### Directions for this task
In the records below, find the line holding "The UGREEN 80864"; copy it and every line after it to the end, omitting all images.

[Input material Boundary: Start]

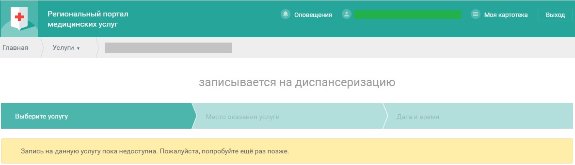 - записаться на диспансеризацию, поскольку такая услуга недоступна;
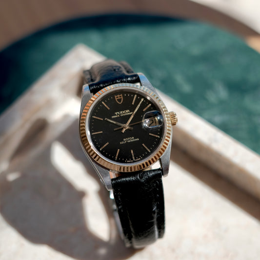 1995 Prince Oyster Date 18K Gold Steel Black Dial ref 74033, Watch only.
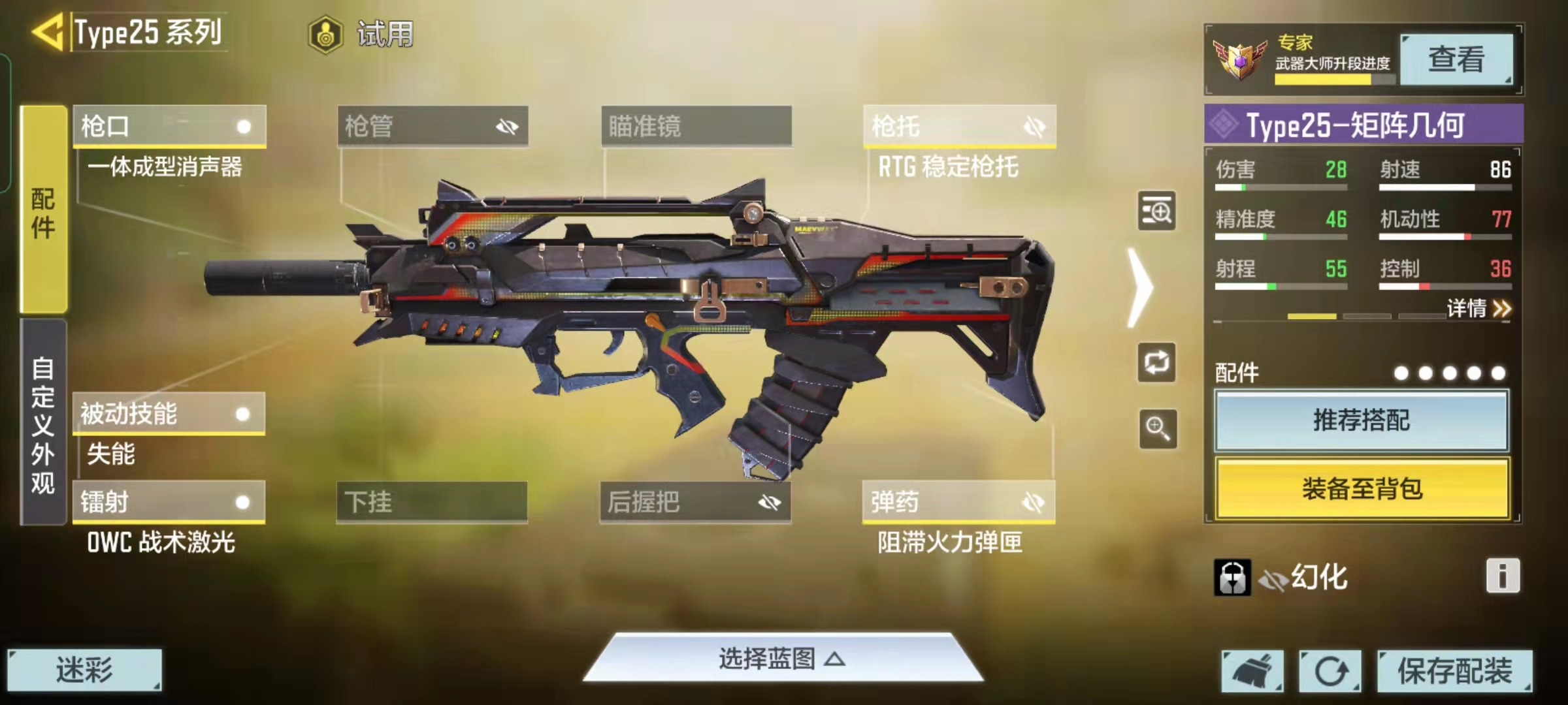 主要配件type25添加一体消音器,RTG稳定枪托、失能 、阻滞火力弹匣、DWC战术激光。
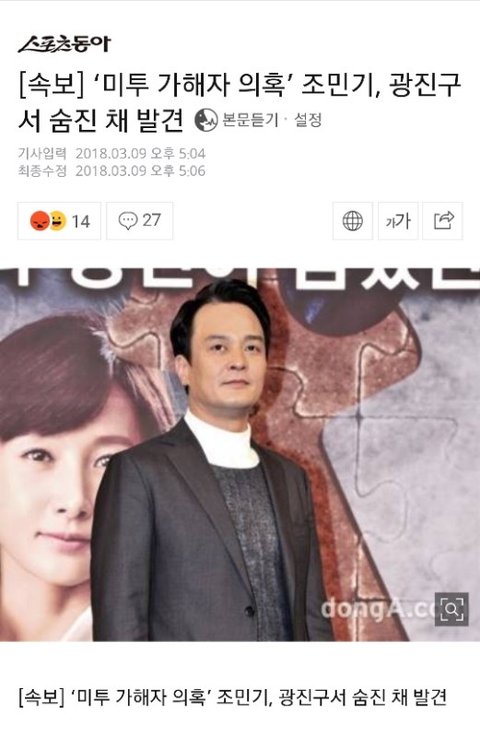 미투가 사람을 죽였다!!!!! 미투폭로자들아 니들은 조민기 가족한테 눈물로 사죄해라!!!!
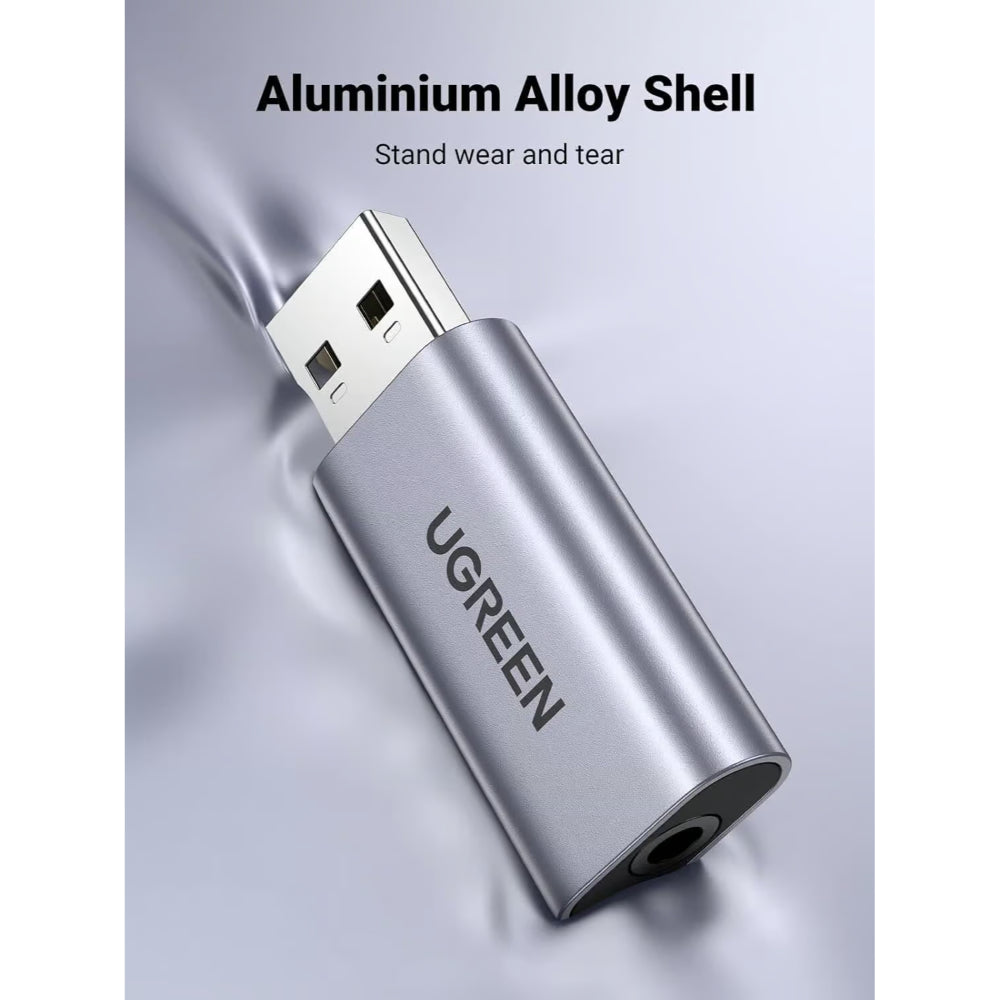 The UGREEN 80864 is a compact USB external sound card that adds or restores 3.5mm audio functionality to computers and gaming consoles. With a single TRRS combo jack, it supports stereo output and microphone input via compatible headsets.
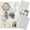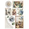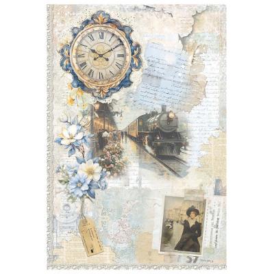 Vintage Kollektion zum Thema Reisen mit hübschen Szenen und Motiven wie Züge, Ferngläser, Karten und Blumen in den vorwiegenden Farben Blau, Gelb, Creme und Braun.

[Input material Boundary: End]

### Answer to this task
 The UGREEN 80864 is a compact USB external sound card that adds or restores 3.5mm audio functionality to computers and gaming consoles. With a single TRRS combo jack, it supports stereo output and microphone input via compatible headsets.
 Vintage Kollektion zum Thema Reisen mit hübschen Szenen und Motiven wie Züge, Ferngläser, Karten und Blumen in den vorwiegenden Farben Blau, Gelb, Creme und Braun.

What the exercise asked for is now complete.